E se deixo cair o corpo para um dos lados é apenas para melhor sentir o vento. Ah o que eu gosto de vento. E se fecho os olhos é apenas para melhor imaginar o rio ou, então, porque o vento sopra forte ou porque quero pensar que está um anjo de grandes asas a passar rente a mim.

Não chames por mim. Escondo-me. Gosto de me esconder. Passo por trás da árvore, danço em volta, deixo-me ir. E os ramos nus não me tapam e tu vês-me mas eu não me importo. Finjo que não te vejo, finjo que não me vês. Por isso não me chames, não digas nada, quero sentir o silêncio e pensar que sou transparente.

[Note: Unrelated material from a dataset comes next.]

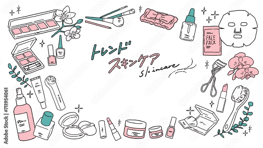 手書き風のおしゃれなアイシャドウやリップ、フェイスマスクやネイルなどのスキンケア・メイクアップツールのベクターイラストフレーム素材 Vector illustration frame of a stylish skin care and makeup tool in hand-drawn style.

Olho o rio lá em baixo, agitado, verde com laivos de espuma branca, e eu cá em cima, livre, deslizando nos vastos céus, escondendo-me, que não me sigas menino, e rodopio, e subo e depois deixo-me cair, ao sabor do vento, e lá estás tu, olhando-me, mas para que me olhas, menino? pois não sabes que quero fingir que não estás aí? não me catives, não me catives, menino.

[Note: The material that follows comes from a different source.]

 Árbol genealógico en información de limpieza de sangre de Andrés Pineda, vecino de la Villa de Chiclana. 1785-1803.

Mas tu danças também em volta da árvore, menino, menino! que queres de mim, menino? e, o vento agiganta-se, e os raios atravessam o horizonte, e a chuva cai, e a noite desce e eu, então, procuro abrigo e aproximo-me, ai menino que me perdes..., e volteio e aproximo-me mais e mais e já não me escondo e desço, ai menino, menino, porque me seduzes tu? e o abrigo que eu procuro és tu e fecho as minhas asas em torno do teu corpo ardente e desço a minha cabeça sobre o teu ombro doce e deixo cair a máscara e, nua, nua, deixo que me deites por terra, sobre a terra macia e molhada, sobre as raízes, e deixo que deixes em mim a tua semente.

Ai menino, ai menino.



[Depois de mais um belo poema de Manuel Gusmão - e que encantada ando com este poeta - temos mais uma grande interpretação, desta vez a cargo de uma extraordinária Martha Argerich com Mischa Maisky que tocam Grieg]


Gaivota por trás de uma árvore nua no Ginjal



                                               O mar em listas esbranquiçadas ondeia-te
                                               o tronco, os ombros, o queixo e a boca.
                                               Sucede-lhe uma mascarilha acobreada
                                               e a cabeça nua entra já na noite tempestuosa,
                                               sobe e atinge os seus cumes nevados.

                                               Deitado em equilíbrio sobre a cabeça um galho
                                               em que se nota ainda a zona em que foi quebrado
                                               Deixa tombar à esquerda e à direita uma série de vagens
                                               secas e cada vez mais castanhas

                                               da direita para a esquerda.



['A pintura corpo a corpo . os corpos da pintura; pintores pintado. #21' de Manuel Gusmão in 'Pequeno tratado das figuras']


2 comentários:

  1. ... entretanto estão a desmantelar

    o Estado democrático

    ResponderEliminar
    Respostas
    1. Olá Puma,

      Acabei no Um Jeito Manso de desancar as nódoas que nos (des) governam e chego aqui e leio este seu comentário que nem de propósito.

      Eu aqui no Ginjal sou mais zen, venho até aqui para descansar a cabeça mas, já que fala nisto, digo-lhe que concordo consigo. Mas digo também que cá estamos para lhes fazer frente.